#### Work task:
Taking the data below, please print only the lines from the line holding "Rośliny: Świerk, Ozdobna, Bombka, Zima" to the line holding "Grey Snakeskin with", inclusive, with pictures omitted.
(Beginning of Extracted material)
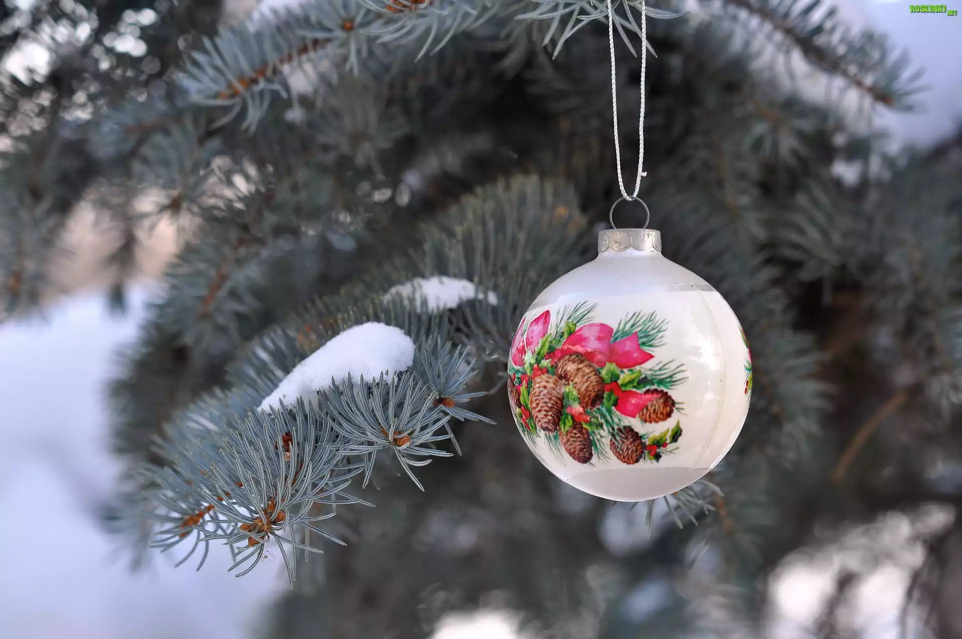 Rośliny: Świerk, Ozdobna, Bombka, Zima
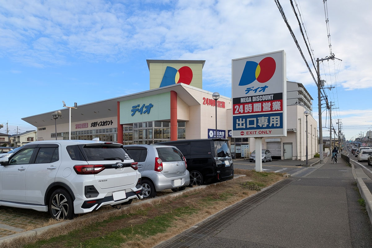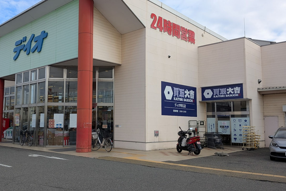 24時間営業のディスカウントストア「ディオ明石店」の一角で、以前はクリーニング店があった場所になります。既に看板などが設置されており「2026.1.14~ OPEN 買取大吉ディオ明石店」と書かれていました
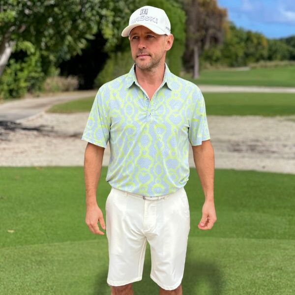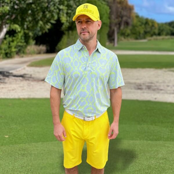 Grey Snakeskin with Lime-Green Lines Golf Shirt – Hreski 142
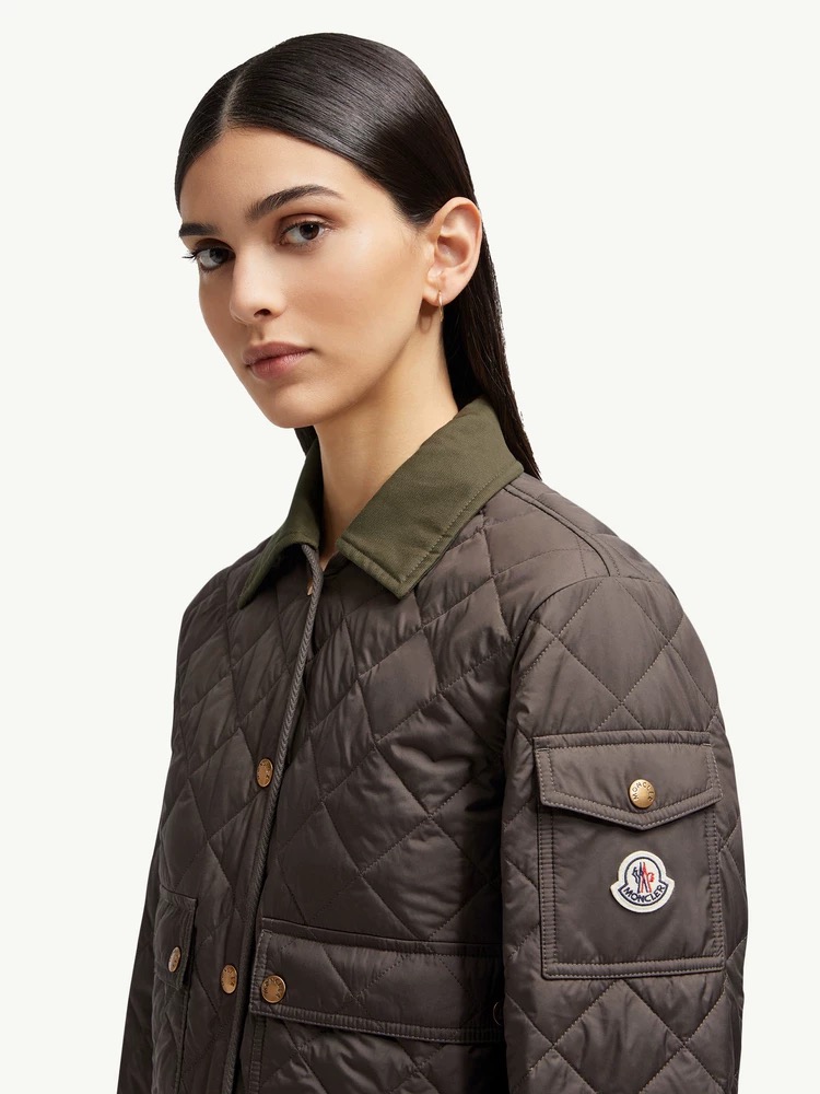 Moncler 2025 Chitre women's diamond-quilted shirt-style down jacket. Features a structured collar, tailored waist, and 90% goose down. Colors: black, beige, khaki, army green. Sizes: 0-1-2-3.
(End of Extracted material)
(Beginning of Extracted material)
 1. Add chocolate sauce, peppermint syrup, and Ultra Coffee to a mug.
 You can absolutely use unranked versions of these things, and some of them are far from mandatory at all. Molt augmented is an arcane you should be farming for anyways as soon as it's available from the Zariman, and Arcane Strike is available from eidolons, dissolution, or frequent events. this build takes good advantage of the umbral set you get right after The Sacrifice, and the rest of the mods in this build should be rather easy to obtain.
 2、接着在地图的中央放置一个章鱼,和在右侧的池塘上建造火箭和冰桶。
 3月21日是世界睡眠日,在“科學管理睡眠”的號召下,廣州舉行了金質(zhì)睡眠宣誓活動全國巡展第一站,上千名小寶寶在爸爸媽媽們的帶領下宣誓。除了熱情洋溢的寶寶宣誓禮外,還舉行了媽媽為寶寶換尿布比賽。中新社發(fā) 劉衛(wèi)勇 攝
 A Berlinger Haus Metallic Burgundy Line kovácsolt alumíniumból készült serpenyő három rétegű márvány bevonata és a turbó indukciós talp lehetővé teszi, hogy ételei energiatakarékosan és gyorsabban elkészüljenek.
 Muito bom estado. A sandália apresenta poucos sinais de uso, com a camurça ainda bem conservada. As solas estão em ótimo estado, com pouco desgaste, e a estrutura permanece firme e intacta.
(End of Extracted material)
#### Output for this task:
 Rośliny: Świerk, Ozdobna, Bombka, Zima
 24時間営業のディスカウントストア「ディオ明石店」の一角で、以前はクリーニング店があった場所になります。既に看板などが設置されており「2026.1.14~ OPEN 買取大吉ディオ明石店」と書かれていました
 Grey Snakeskin with Lime-Green Lines Golf Shirt – Hreski 142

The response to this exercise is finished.